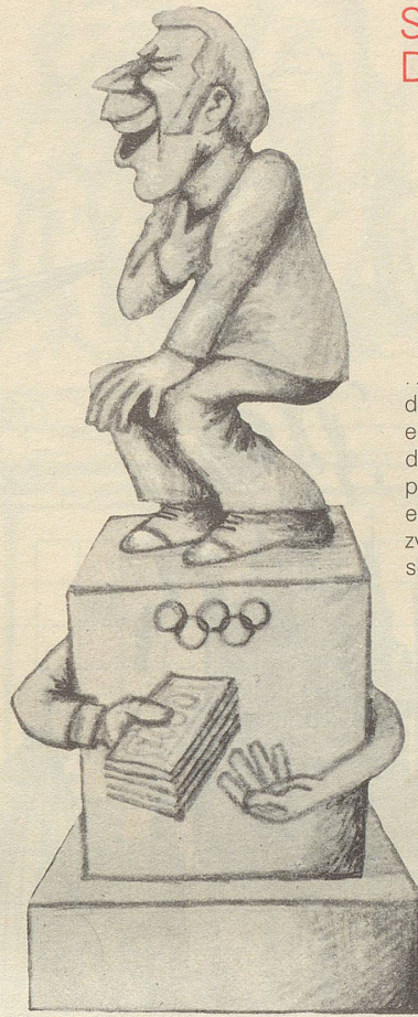
... für IOK-Mitglieder, die freimütig einräumen, dass der Amateur- paragraph ein Witz – und zwar ein schlechter – sei
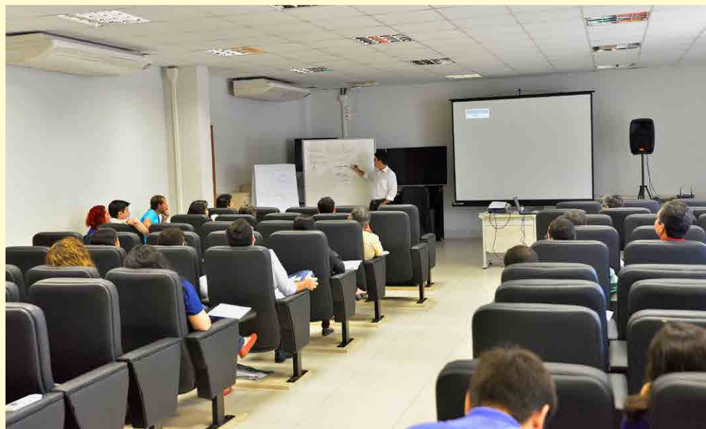
Curso de Análise de Planilha de Obras realizado em setembro de 2016

A Proad realiza contratações que sustentam a estrutura física e de serviço para atendimento da sociedade interna e externa, bem como, avalia, adquire e liquida dentro do planejamento orçamentário e financeiro bens e serviços para garantir o desenvolvimento da atividade-fim da instituição, qual seja, em educação e em todas as suas modalidades.
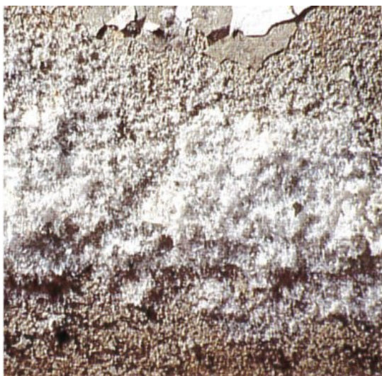
5. ábra Példa egy történeti pincefalazaton tapasztalt szulfátos sókivirágzásra

A roncsolásos vizsgálati módszerek közé tartozik a mintavétel és a gravimetriás nedvességtartalom-meghatározás (Darr-módszer), amely a legmegbízhatóbb mérésnek tekinthető a felsorolt eljárások közül. Ennek során a falazatból vett (vésett darabos vagy fűrt por állapotú) minták tömegének szárítás előtti és utáni különbségéből határozható meg a tényleges nedvességtartalom. A módszer nagy pontosságot biztosít, azonban lokális jellegű és a mintavétel a szerkezet károsításával jár, ezért alkalmazása általában korlátozott.

## PROBLEM
Give again, please, precisely the lines that begin the records and run through the line with "A Proad realiza" in it, keeping both end lines and dropping any pictures.

## OUTPUT OF THE TASK
... für IOK-Mitglieder, die freimütig einräumen, dass der Amateur- paragraph ein Witz – und zwar ein schlechter – sei
Curso de Análise de Planilha de Obras realizado em setembro de 2016

A Proad realiza contratações que sustentam a estrutura física e de serviço para atendimento da sociedade interna e externa, bem como, avalia, adquire e liquida dentro do planejamento orçamentário e financeiro bens e serviços para garantir o desenvolvimento da atividade-fim da instituição, qual seja, em educação e em todas as suas modalidades.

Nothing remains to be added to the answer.